[[ Records for this exercise, beginning ]]

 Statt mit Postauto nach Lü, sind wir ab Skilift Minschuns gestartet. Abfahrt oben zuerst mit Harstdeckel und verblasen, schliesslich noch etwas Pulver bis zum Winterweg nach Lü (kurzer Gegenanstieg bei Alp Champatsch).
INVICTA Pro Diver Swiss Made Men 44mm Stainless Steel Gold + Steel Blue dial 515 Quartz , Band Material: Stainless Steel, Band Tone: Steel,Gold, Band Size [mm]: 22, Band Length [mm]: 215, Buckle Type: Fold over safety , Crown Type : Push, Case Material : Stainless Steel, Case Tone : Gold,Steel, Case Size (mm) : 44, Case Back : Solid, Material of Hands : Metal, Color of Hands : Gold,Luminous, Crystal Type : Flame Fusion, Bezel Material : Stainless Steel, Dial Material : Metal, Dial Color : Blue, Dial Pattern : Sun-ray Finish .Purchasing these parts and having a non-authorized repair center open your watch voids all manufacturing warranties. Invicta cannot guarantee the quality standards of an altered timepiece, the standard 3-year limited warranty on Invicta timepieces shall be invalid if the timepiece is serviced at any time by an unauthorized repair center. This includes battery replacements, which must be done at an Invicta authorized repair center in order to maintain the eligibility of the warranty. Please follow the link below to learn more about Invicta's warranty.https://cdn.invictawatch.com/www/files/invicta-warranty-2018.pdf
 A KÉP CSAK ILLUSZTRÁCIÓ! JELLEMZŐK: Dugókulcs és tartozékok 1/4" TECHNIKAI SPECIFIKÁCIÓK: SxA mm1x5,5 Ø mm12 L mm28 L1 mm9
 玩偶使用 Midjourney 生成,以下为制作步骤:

[[ Records for this exercise, end ]]
[[ Records for this exercise, beginning ]]

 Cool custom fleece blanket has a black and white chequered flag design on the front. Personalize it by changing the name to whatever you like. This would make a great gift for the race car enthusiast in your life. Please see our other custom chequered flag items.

[[ Records for this exercise, end ]]
[[ Records for this exercise, beginning ]]

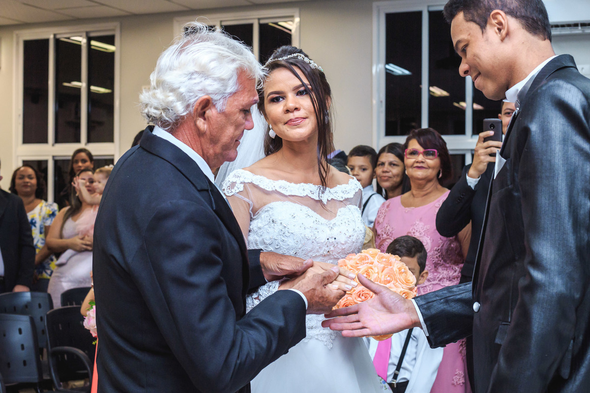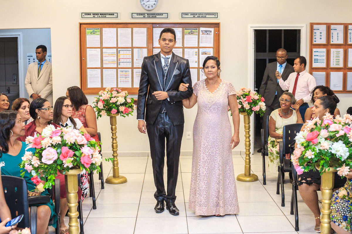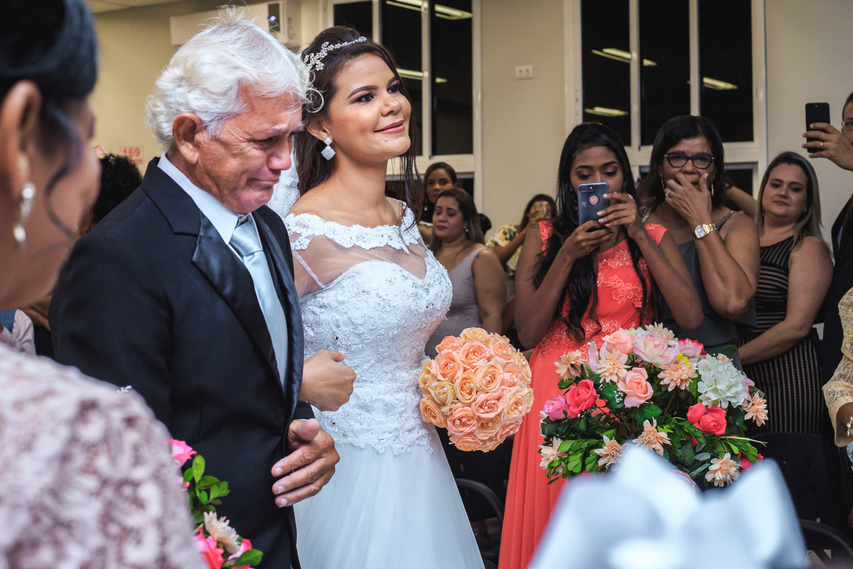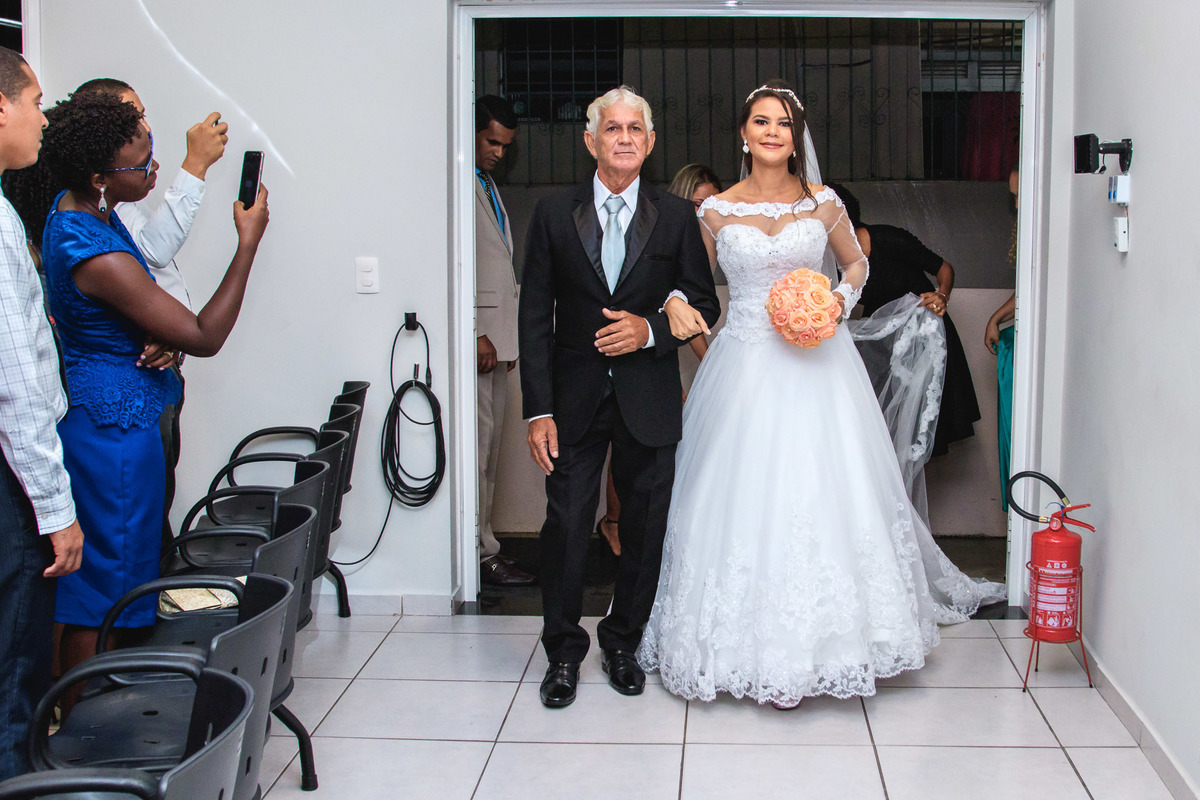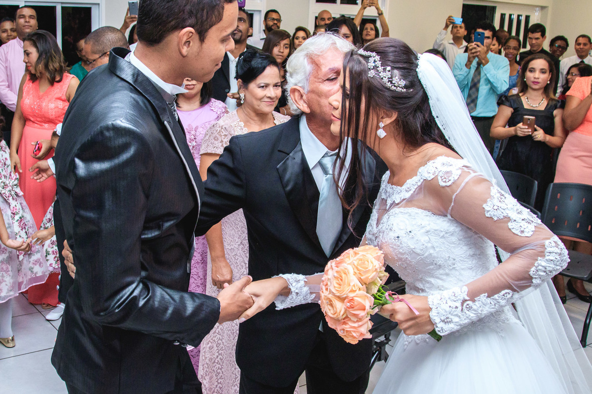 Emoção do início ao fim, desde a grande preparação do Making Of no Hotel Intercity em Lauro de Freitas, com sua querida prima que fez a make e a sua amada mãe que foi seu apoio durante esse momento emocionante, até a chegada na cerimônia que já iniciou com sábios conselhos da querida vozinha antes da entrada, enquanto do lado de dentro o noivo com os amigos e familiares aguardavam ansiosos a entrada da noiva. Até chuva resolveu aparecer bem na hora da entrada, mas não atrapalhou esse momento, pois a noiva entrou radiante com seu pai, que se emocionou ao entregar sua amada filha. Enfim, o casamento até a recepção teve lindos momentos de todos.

[[ Records for this exercise, end ]]

Where the line holding "Statt mit Postauto" appears in the listing above, start reproducing exactly, and end with the line holding "INVICTA Pro Diver".

◆ Written reply:
 Statt mit Postauto nach Lü, sind wir ab Skilift Minschuns gestartet. Abfahrt oben zuerst mit Harstdeckel und verblasen, schliesslich noch etwas Pulver bis zum Winterweg nach Lü (kurzer Gegenanstieg bei Alp Champatsch).
INVICTA Pro Diver Swiss Made Men 44mm Stainless Steel Gold + Steel Blue dial 515 Quartz , Band Material: Stainless Steel, Band Tone: Steel,Gold, Band Size [mm]: 22, Band Length [mm]: 215, Buckle Type: Fold over safety , Crown Type : Push, Case Material : Stainless Steel, Case Tone : Gold,Steel, Case Size (mm) : 44, Case Back : Solid, Material of Hands : Metal, Color of Hands : Gold,Luminous, Crystal Type : Flame Fusion, Bezel Material : Stainless Steel, Dial Material : Metal, Dial Color : Blue, Dial Pattern : Sun-ray Finish .Purchasing these parts and having a non-authorized repair center open your watch voids all manufacturing warranties. Invicta cannot guarantee the quality standards of an altered timepiece, the standard 3-year limited warranty on Invicta timepieces shall be invalid if the timepiece is serviced at any time by an unauthorized repair center. This includes battery replacements, which must be done at an Invicta authorized repair center in order to maintain the eligibility of the warranty. Please follow the link below to learn more about Invicta's warranty.https://cdn.invictawatch.com/www/files/invicta-warranty-2018.pdf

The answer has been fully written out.